How to run HDFS cluster without DNS

I’m building a local HDFS dev environment (actually hadoop + mesos + zk + kafka) to ease development of Spark jobs and facilitate local integrated testing.
All other components are working fine but I’m having issues with HDFS. When the Data Node tries to connect to the name node, I get a DisallowedDataNodeException:

org.apache.hadoop.hdfs.server.protocol.DisallowedDatanodeException: Datanode denied communication with namenode

Most questions related to the same issue boil down to name resolution of the data node at the name node either static through the etc/hosts files or using dns. Static resolution is not an option with docker, as I don’t know the data nodes when the name node container is created. I would like to avoid creating and maintaining an additional DNS service. Ideally, I would like to wire everything using the --link feature of docker.

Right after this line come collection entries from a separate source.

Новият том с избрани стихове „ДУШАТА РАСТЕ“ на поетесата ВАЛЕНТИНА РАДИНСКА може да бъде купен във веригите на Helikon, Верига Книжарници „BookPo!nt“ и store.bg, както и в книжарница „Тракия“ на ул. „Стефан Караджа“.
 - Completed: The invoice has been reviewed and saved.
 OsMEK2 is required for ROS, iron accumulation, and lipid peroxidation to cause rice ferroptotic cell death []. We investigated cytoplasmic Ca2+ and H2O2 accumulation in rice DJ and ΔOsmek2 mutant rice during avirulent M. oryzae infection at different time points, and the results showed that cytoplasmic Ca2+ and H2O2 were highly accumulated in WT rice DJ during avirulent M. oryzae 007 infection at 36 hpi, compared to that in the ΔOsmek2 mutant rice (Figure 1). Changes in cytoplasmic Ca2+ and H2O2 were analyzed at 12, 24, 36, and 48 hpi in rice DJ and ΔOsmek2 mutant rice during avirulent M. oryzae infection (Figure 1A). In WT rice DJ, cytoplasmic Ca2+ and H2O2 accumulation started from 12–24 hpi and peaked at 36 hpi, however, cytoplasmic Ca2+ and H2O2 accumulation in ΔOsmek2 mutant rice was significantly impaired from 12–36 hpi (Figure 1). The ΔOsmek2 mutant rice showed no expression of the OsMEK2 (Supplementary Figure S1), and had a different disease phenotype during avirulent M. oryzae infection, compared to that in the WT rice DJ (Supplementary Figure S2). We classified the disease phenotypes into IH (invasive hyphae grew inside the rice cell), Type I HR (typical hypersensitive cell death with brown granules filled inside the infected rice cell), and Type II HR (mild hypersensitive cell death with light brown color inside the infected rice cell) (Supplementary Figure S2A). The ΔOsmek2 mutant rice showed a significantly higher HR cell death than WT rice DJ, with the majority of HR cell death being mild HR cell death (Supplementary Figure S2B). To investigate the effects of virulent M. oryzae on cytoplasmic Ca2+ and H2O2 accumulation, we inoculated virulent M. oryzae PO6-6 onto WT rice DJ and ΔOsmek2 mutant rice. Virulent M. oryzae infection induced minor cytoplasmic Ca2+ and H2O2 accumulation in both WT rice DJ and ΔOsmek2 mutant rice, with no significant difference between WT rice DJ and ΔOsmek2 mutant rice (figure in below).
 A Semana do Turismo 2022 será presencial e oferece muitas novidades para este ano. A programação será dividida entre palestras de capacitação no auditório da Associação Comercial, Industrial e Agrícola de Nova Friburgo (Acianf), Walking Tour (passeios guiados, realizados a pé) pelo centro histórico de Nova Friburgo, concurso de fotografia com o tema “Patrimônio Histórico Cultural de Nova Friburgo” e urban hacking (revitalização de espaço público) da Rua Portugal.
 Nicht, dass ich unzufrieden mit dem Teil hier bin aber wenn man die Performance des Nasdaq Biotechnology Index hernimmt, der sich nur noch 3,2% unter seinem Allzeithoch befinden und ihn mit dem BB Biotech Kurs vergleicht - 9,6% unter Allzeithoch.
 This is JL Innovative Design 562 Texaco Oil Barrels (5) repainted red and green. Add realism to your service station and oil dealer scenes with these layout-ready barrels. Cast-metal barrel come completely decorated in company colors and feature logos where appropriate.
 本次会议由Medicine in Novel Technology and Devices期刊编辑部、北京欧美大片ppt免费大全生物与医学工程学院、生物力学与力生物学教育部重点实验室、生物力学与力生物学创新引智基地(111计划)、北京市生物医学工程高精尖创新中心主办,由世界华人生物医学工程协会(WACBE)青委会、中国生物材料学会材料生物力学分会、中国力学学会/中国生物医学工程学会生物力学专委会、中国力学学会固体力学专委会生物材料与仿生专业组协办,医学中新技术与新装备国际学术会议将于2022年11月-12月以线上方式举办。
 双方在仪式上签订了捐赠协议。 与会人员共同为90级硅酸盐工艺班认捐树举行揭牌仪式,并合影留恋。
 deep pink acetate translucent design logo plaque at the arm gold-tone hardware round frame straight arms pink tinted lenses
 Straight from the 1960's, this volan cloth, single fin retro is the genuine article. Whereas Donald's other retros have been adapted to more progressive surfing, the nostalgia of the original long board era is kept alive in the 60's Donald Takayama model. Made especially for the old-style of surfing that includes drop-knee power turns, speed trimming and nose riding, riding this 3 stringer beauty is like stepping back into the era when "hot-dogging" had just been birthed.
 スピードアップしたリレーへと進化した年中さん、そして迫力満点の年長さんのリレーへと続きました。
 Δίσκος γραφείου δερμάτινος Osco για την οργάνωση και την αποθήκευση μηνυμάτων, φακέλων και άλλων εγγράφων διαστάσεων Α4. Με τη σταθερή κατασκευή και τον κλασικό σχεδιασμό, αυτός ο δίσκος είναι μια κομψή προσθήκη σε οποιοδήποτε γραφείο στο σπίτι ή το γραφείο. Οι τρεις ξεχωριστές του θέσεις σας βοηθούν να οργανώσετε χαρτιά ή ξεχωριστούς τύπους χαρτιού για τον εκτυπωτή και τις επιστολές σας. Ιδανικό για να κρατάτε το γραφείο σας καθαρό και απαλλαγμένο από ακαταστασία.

  • Bind physical NICs to containers for docker
  • Does a docker container have its own TCP/IP stack?
  • CircleCI './docker-compose.yml' service 'version' doesn't have any configuration options
  • Login docker container get return info:cannot set user id: Resource temporarily unavailable
  • MySQL container: grant access and create a new image
  • Amazon S3 + Docker - “403 Forbidden: The difference between the request time and the current time is too large”
  • Is there a way to configure HDFS in such a way that it only uses IP addresses to work?

    I found this property and set to false, but it didn’t do the trick:

    dfs.namenode.datanode.registration.ip-hostname-check (default: true)

    Is there a way to have a multi-node local HDFS cluster working only using IP addresses and without using DNS?

  • Is it possible to install a complex server inside a Docker container?
  • Docker /dev/mapper permission
  • ERROR: repository hyperledger/fabric-tools not found: does not exist or no pull access
  • mount /var/log in docker-compose
  • docker-compose creates file owned by root
  • Rebuild Docker container on file changes
  • One Solution collect form web for “How to run HDFS cluster without DNS”

    I would look at reconfiguring your Docker image to use a different hosts file [1]. In particular:

    1. In the Dockerfile(s), do the switch-a-roo [1]
    2. Bring up the master node
    3. Bring up the data nodes, linked
    4. Before starting the datanode, copy over the /etc/hosts to the new location, /tmp/hosts
    5. Append the master node’s name and master node ip to the new hosts file

    Hope this works for you!

    [1] https://github.com/dotcloud/docker/issues/2267#issuecomment-40364340

    Docker will be the best open platform for developers and sysadmins to build, ship, and run distributed applications.